3. A convection-type II evaporative condensing unit as set forth in claim 2 wherein: the heat source device comprises a heat source pipe and a heat source outlet pipe, wherein the heat source inlet pipe and the heat source outlet pipe are respectively arranged on two sides of the heat source pipe, the heat source outlet pipe is opposite to the heat source inlet pipe, the heat source inlet pipe is communicated with the heat source pipe, the heat source outlet pipe is communicated with the heat source pipe, the hot water flows in from the heat source inlet pipe, flows through the heat source pipe and flows out from the heat source outlet pipe.

4. A convection-type II evaporative condensing unit as set forth in claim 1 wherein: the air inlet holes on each ridge of the air inlet layer are multiple, and the multiple air inlet holes are distributed in a straight line at the ridge.

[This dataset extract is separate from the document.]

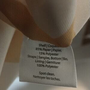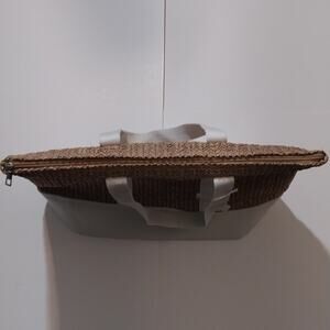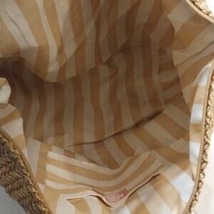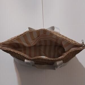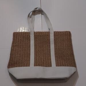 This adventurous tote bag is brand new. color is natural and ivory. canvas and sturdy paper straw material. slushy round shape.

5. A convection-type II evaporative condensing unit as set forth in claim 4 wherein: one side of the air inlet layer is provided with a distilled water pipe, a plurality of parallel distilled water collecting pipes are communicated with the distilled water pipe, one distilled water collecting pipe corresponds to one groove of the air inlet layer, and one end of the distilled water collecting pipe stretches into the corresponding groove of the air inlet layer.

6. A convection-type II evaporative condensing unit as set forth in claim 1 wherein: the thickness of the condensing layer and the plate of the air inlet layer is 1.5-3mm, and the interval between the condensing layer and the air inlet layer is 2-4mm.

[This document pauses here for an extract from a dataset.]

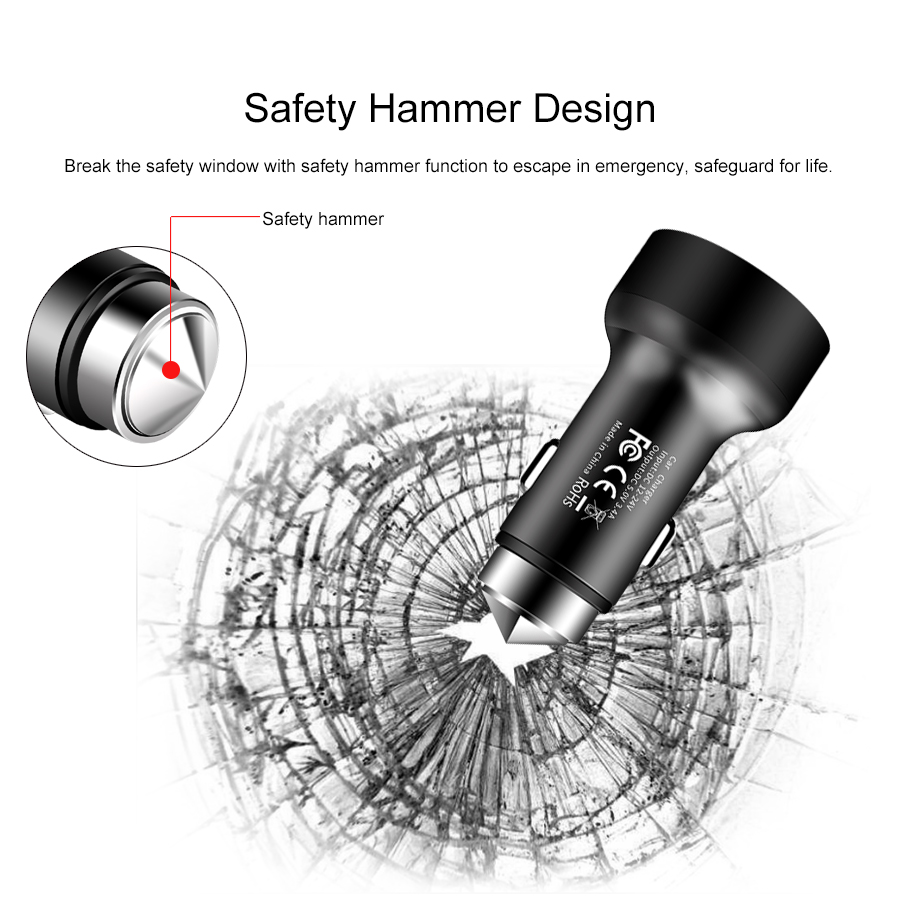 Com a função de martelo de segurança, você pode partir um vidro em caso de emergência.

7. A seawater desalination plant, characterized by: the seawater desalination device comprises a convection type-II evaporative condensing unit as set forth in any one of claims 1-6, wherein a plurality of convection type-II evaporative condensing units are arranged in a vertically forward and reverse stacking manner, hot water flows upwards from the convection type-II evaporative condensing unit positioned below to the convection type-II evaporative condensing unit positioned above, and seawater flows downwards from the convection type-II evaporative condensing unit positioned above to the convection type-II evaporative condensing unit positioned below.